== Excerpted data ==
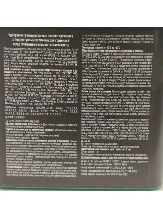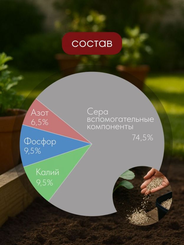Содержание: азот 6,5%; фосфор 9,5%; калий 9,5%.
--
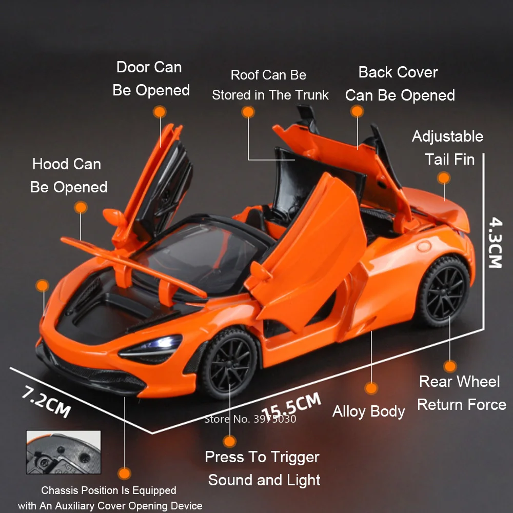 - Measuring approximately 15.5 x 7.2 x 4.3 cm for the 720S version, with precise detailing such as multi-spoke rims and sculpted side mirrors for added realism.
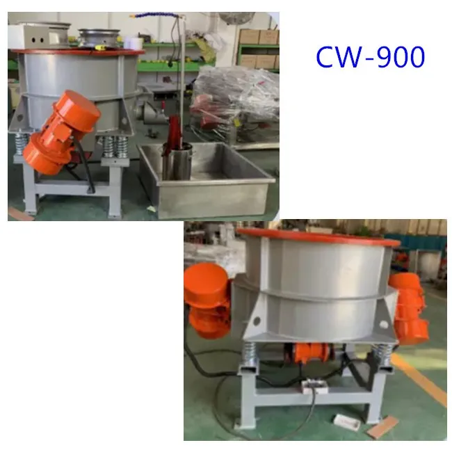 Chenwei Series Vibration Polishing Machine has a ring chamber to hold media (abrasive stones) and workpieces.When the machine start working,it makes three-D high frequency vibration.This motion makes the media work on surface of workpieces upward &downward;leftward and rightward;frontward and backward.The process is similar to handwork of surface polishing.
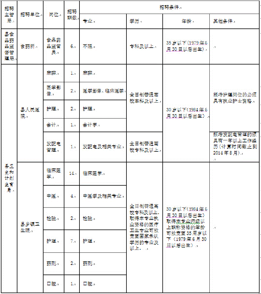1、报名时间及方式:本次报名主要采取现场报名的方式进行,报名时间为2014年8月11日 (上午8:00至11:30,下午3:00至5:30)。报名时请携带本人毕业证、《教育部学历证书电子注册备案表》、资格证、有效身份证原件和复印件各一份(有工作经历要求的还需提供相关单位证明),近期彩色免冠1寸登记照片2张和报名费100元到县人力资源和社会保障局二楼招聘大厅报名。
==
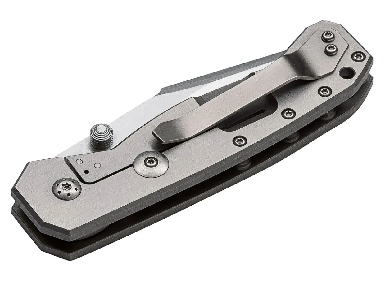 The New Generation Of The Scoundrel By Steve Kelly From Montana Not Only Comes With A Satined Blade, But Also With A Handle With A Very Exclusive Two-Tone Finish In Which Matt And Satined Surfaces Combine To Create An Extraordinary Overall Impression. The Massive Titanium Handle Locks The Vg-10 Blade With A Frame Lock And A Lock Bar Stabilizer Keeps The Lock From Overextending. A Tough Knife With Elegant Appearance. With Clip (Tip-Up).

== About this exercise ==
Using the records above, print exactly the lines between the ones containing "Chenwei Series Vibration" and "1、报名时间及方式:本次报名", inclusive, and nothing else; no pictures.

== Answer space ==
 Chenwei Series Vibration Polishing Machine has a ring chamber to hold media (abrasive stones) and workpieces.When the machine start working,it makes three-D high frequency vibration.This motion makes the media work on surface of workpieces upward &downward;leftward and rightward;frontward and backward.The process is similar to handwork of surface polishing.
1、报名时间及方式:本次报名主要采取现场报名的方式进行,报名时间为2014年8月11日 (上午8:00至11:30,下午3:00至5:30)。报名时请携带本人毕业证、《教育部学历证书电子注册备案表》、资格证、有效身份证原件和复印件各一份(有工作经历要求的还需提供相关单位证明),近期彩色免冠1寸登记照片2张和报名费100元到县人力资源和社会保障局二楼招聘大厅报名。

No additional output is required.